Islamsantun.org. Suka-duka, senang-susah, tawa-tangis, bahagia-derita adalah dinamika kehidupan yang melingkupi setiap manusia. Hidup mengajarkan kita untuk tetap optimis menyongsong masa depan.

Life must go on. Hidup harus terus berjalan, apa pun kondisi yang sedang kita alami dan rasakan. Betapa pun sulitnya keadaan kita saat ini, betapa pun beratnya beban hidup yang tengah kita tanggung, sepahit apa pun peristiwa yang kita alami, selalu ada harapan masa depan yang lebih baik. Asa itu selalu ada. Tidak ada ruang putus asa bagi hamba-hamba Tuhan yang beriman, yang yakin dan percaya akan kemahakuasaan-Nya. “Dan jangan kamu berputus asa dari rahmat Allah. Sesungguhnya tiada berputus asa dari rahmat Allah, melainkan kaum yang kafir”. (Q.S. Yusuf : 87)

Tidak ada alasan untuk menyerah pada keadaan, ketika kita tahu bahwa Tuhan tidak akan menguji hamba-Nya di luar batas kemampuannya. “Allah tidak membebani seseorang melainkan sesuai dengan kesanggupannya.” (Q.S. Al-Baqarah : 286)

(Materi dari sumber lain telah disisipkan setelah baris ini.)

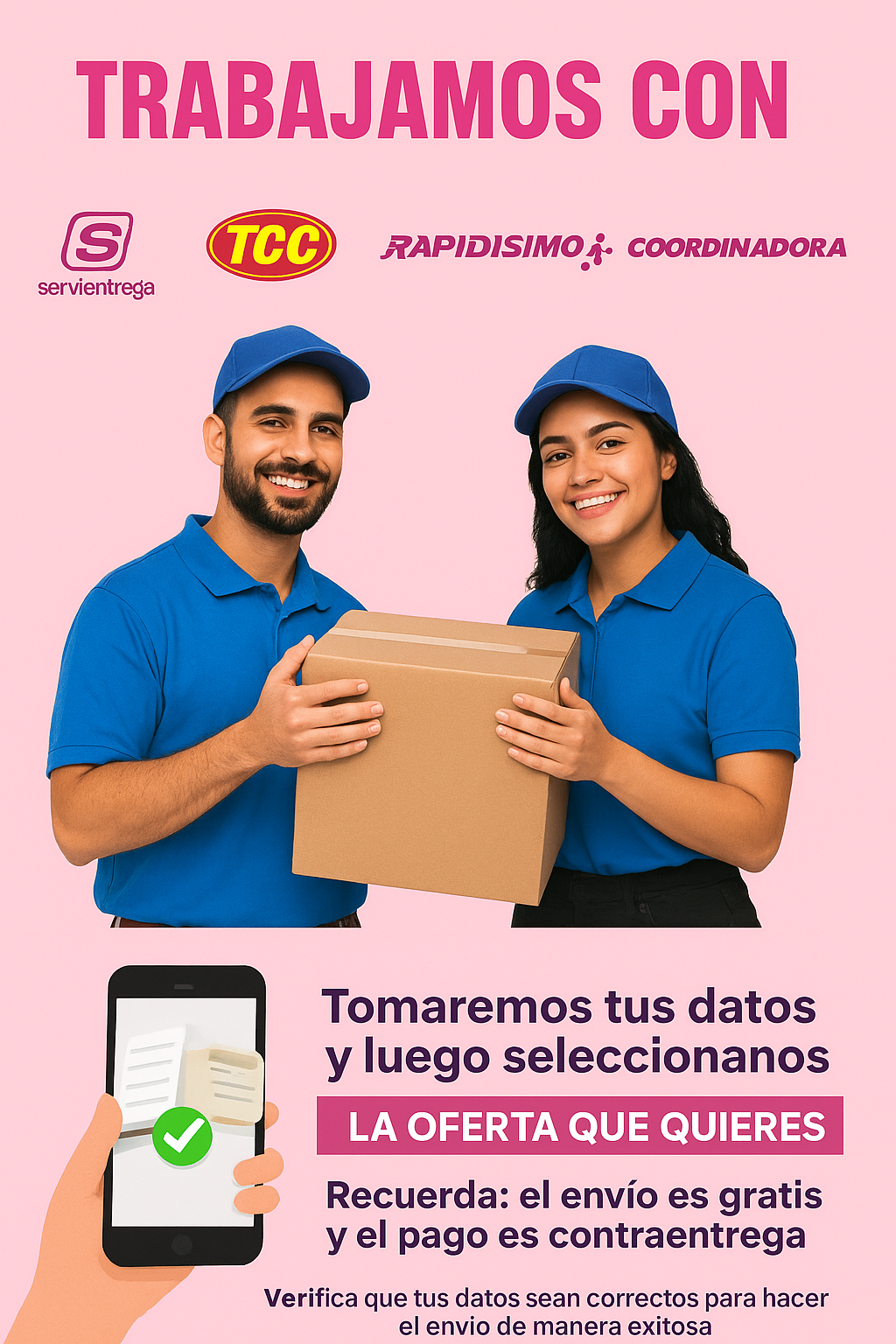 Manejamos envíos gratis con servicio pago contra entrega a todo el país nuestro tiempo de entrega es de 2 a 4 Días Hábiles recuerda tener el dinero completo en EFECTIVO en el momento de la entrega Para que no tengas novedades con la recepción de tu pedido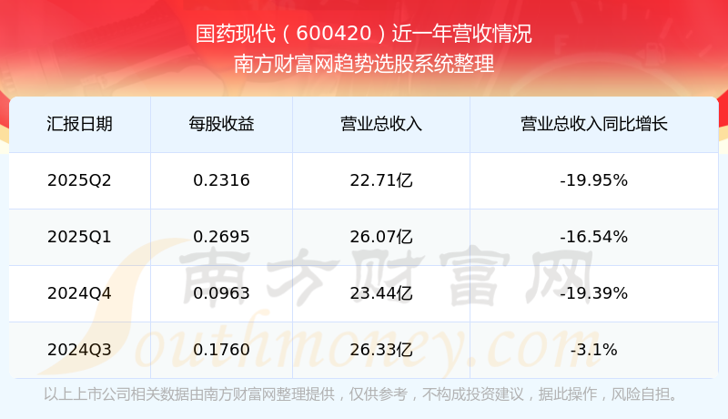 國藥現(xiàn)代2025年第二季度顯示,公司主營收入22.71億元,同比-19.95%;歸母凈利潤3.11億元,同比-19.77%;扣非凈利潤2.91億元,同比-18.64%;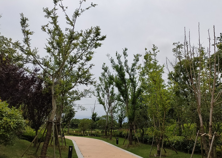 因为公园建成不太久,看介绍是2019年10月分才建成开园的,所以整体看上去还是很新的,树木还没有生长得十分高大,看起来这些树种大多是速生树种,想来用不了几年就可以长成茂林。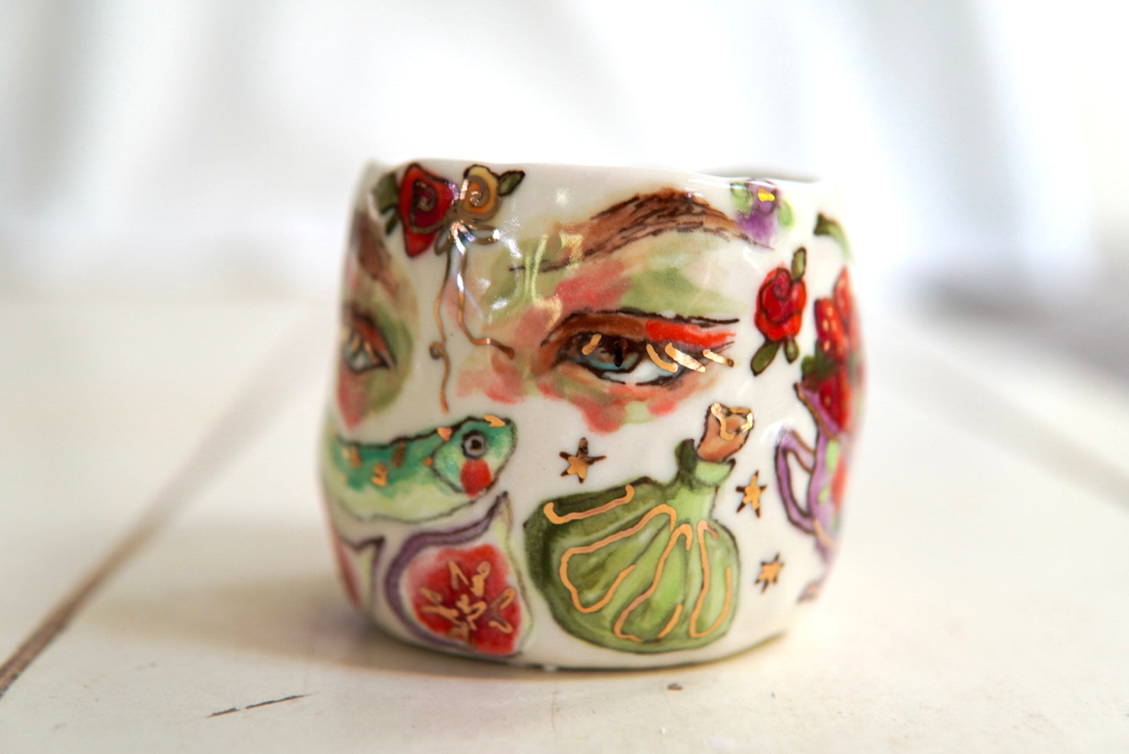 • Porcelain, underglaze, 22k gold luster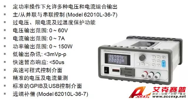 Chroma 62000L系列可程控直流電源供應(yīng)器具傳統(tǒng)Linear穩(wěn)壓器之輸出低雜訊、高速暫態(tài)響應(yīng)特性,同時具備Switching穩(wěn)壓器的輕型化、小體積及低成本等特性,提供許多獨(dú)特功能供自動化測試系統(tǒng)整合、車用電子MCU/ECU測試、半導(dǎo)體驅(qū)動電源及無線通信電源使用,是一高性價比的可程控直流電源供應(yīng)器,設(shè)計(jì)為滿足有嚴(yán)格要求的新一代電力電子應(yīng)用。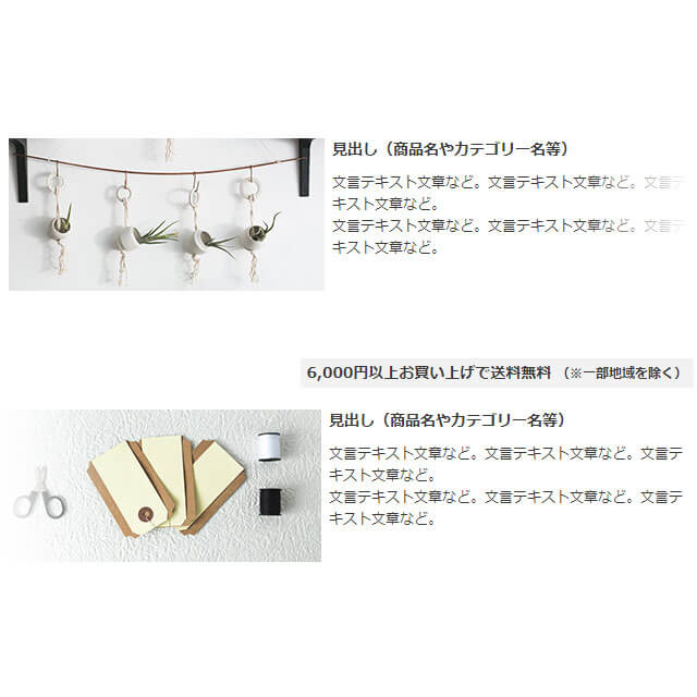 バナー画像をより多く設置し商品の強みをアピールします。 最初からショップに力を入れて運営したい方におすすめです。 |

Move on! Bangkitlah! Susun kembali puing-puing harapan yang berserakan di atas lantai keputusasaan. Urai kembali benang kusut cita-cita yang tergeletak tak berdaya di atas tumpukan tanah kekecewaan.

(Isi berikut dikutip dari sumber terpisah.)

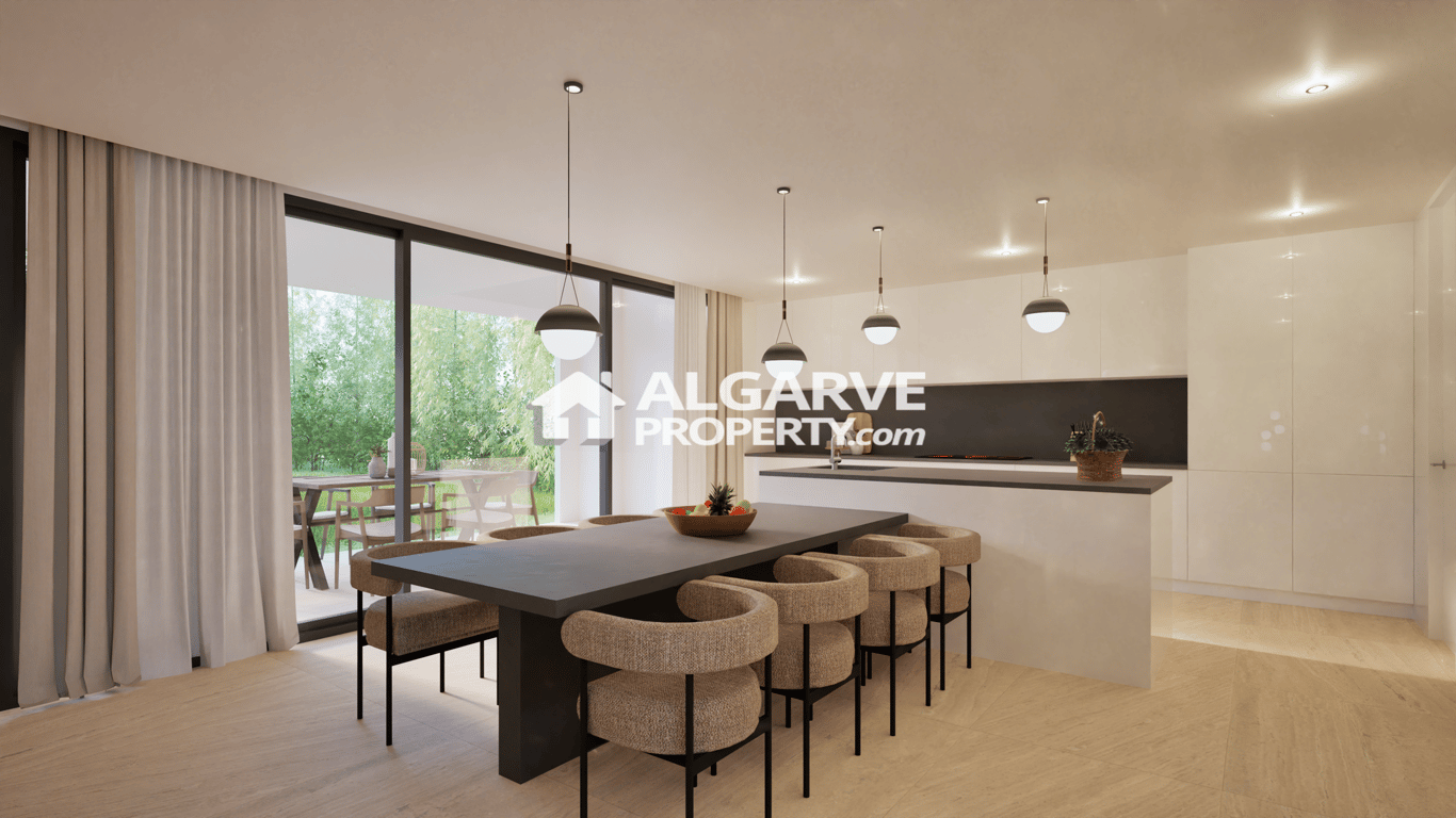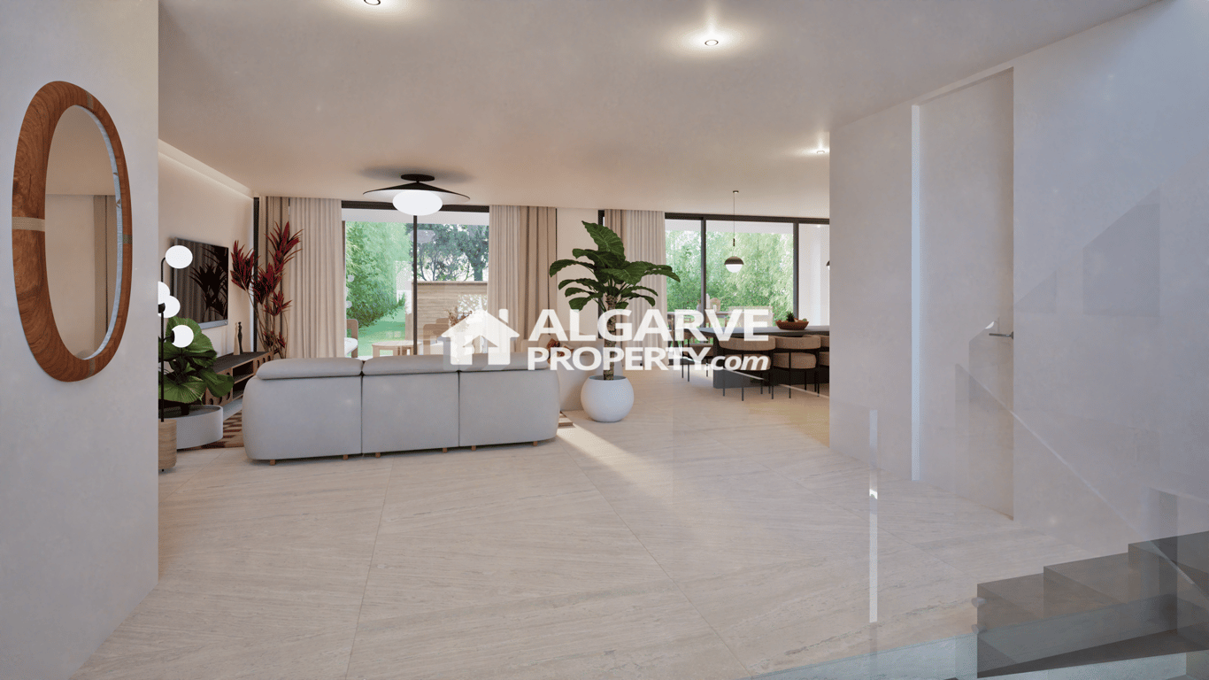 High-End Semi-Detached four bedroom Villa Under Construction, located between Vilamoura and Olhos de Água this modern villa combines comfort, functionality, and an exceptional lifestyle. Just 10 minutes from the beach, it offers the perfect setting for a relaxing, enjoy easy access to the coast, ideal for leisure and outdoor living. With a total construction area of 220 sq.m. you will find on the ground floor a fully equipped open kitchen with an adjacent laundry room, spacious bright lounge wi...

Tugas kita adalah membenahi kondisi agar menjadi lebih baik, bukan meratapi nasib serta kenyataan pahit yang menimpa kita. Yang lalu biarlah berlalu. Kita buka lembaran baru kehidupan yang dipenuhi dengan semangat, optimisme, serta pendaran cahaya harapan. Yakinlah, masa depan cerah ada di depan mata.

* Ruang Inspirasi , Senin, 27 September 2021.